## THE DATA
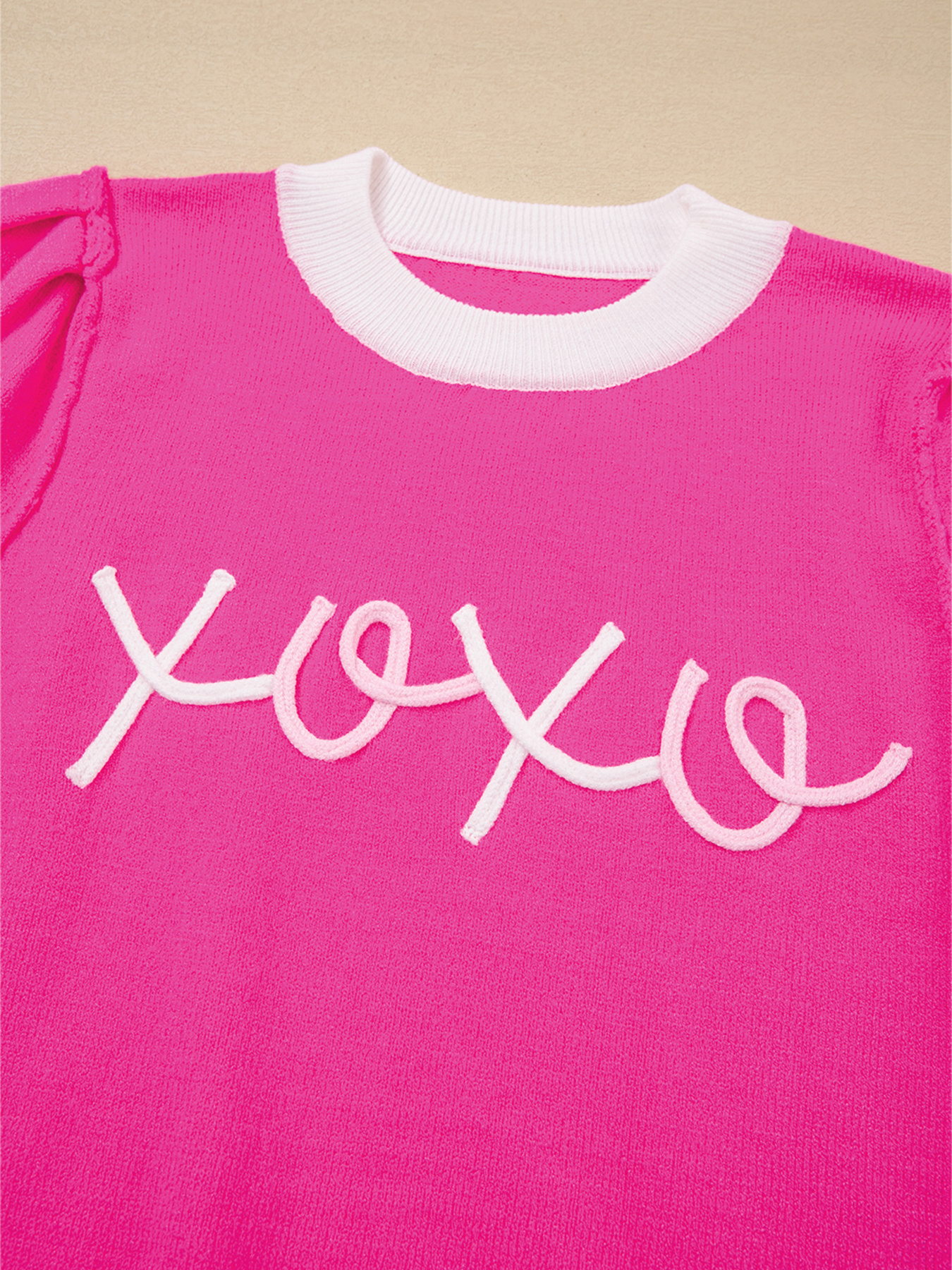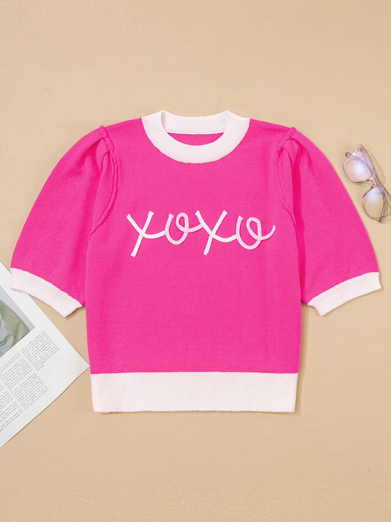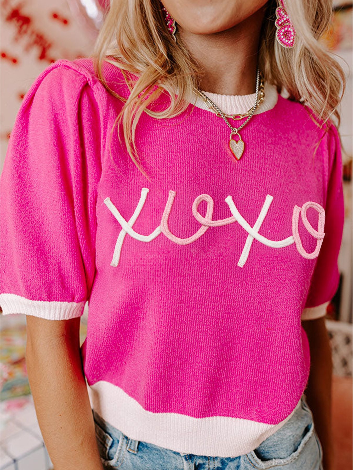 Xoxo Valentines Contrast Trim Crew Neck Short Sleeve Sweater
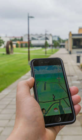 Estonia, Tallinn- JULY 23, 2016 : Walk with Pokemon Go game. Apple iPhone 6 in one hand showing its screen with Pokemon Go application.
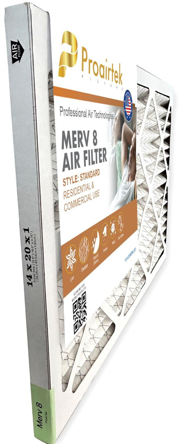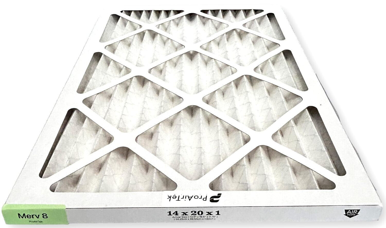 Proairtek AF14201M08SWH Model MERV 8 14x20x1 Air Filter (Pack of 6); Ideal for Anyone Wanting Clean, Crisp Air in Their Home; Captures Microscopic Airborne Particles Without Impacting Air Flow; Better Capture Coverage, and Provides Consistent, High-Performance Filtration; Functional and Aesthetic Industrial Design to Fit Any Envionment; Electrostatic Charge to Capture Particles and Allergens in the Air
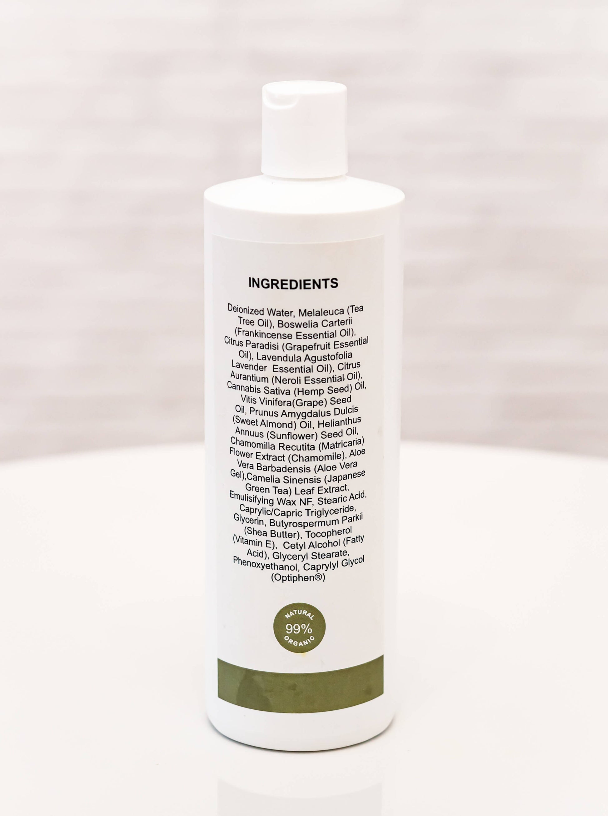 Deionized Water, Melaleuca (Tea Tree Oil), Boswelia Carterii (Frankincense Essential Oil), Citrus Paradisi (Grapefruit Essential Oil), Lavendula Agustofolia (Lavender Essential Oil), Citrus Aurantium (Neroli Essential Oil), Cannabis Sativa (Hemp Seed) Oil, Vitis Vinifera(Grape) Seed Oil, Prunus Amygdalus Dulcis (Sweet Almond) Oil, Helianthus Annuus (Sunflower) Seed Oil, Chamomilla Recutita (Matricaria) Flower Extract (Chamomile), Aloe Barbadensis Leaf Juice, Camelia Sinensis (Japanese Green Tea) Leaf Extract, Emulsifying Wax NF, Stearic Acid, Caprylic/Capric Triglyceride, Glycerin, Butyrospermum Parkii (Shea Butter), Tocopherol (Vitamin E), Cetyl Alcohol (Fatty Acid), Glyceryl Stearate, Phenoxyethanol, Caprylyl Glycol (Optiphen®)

## WHAT IS NEEDED
Repeat the full listing above exactly, with no pictures in the copy.

## OUTPUT BELOW
 Xoxo Valentines Contrast Trim Crew Neck Short Sleeve Sweater
 Estonia, Tallinn- JULY 23, 2016 : Walk with Pokemon Go game. Apple iPhone 6 in one hand showing its screen with Pokemon Go application.
 Proairtek AF14201M08SWH Model MERV 8 14x20x1 Air Filter (Pack of 6); Ideal for Anyone Wanting Clean, Crisp Air in Their Home; Captures Microscopic Airborne Particles Without Impacting Air Flow; Better Capture Coverage, and Provides Consistent, High-Performance Filtration; Functional and Aesthetic Industrial Design to Fit Any Envionment; Electrostatic Charge to Capture Particles and Allergens in the Air
 Deionized Water, Melaleuca (Tea Tree Oil), Boswelia Carterii (Frankincense Essential Oil), Citrus Paradisi (Grapefruit Essential Oil), Lavendula Agustofolia (Lavender Essential Oil), Citrus Aurantium (Neroli Essential Oil), Cannabis Sativa (Hemp Seed) Oil, Vitis Vinifera(Grape) Seed Oil, Prunus Amygdalus Dulcis (Sweet Almond) Oil, Helianthus Annuus (Sunflower) Seed Oil, Chamomilla Recutita (Matricaria) Flower Extract (Chamomile), Aloe Barbadensis Leaf Juice, Camelia Sinensis (Japanese Green Tea) Leaf Extract, Emulsifying Wax NF, Stearic Acid, Caprylic/Capric Triglyceride, Glycerin, Butyrospermum Parkii (Shea Butter), Tocopherol (Vitamin E), Cetyl Alcohol (Fatty Acid), Glyceryl Stearate, Phenoxyethanol, Caprylyl Glycol (Optiphen®)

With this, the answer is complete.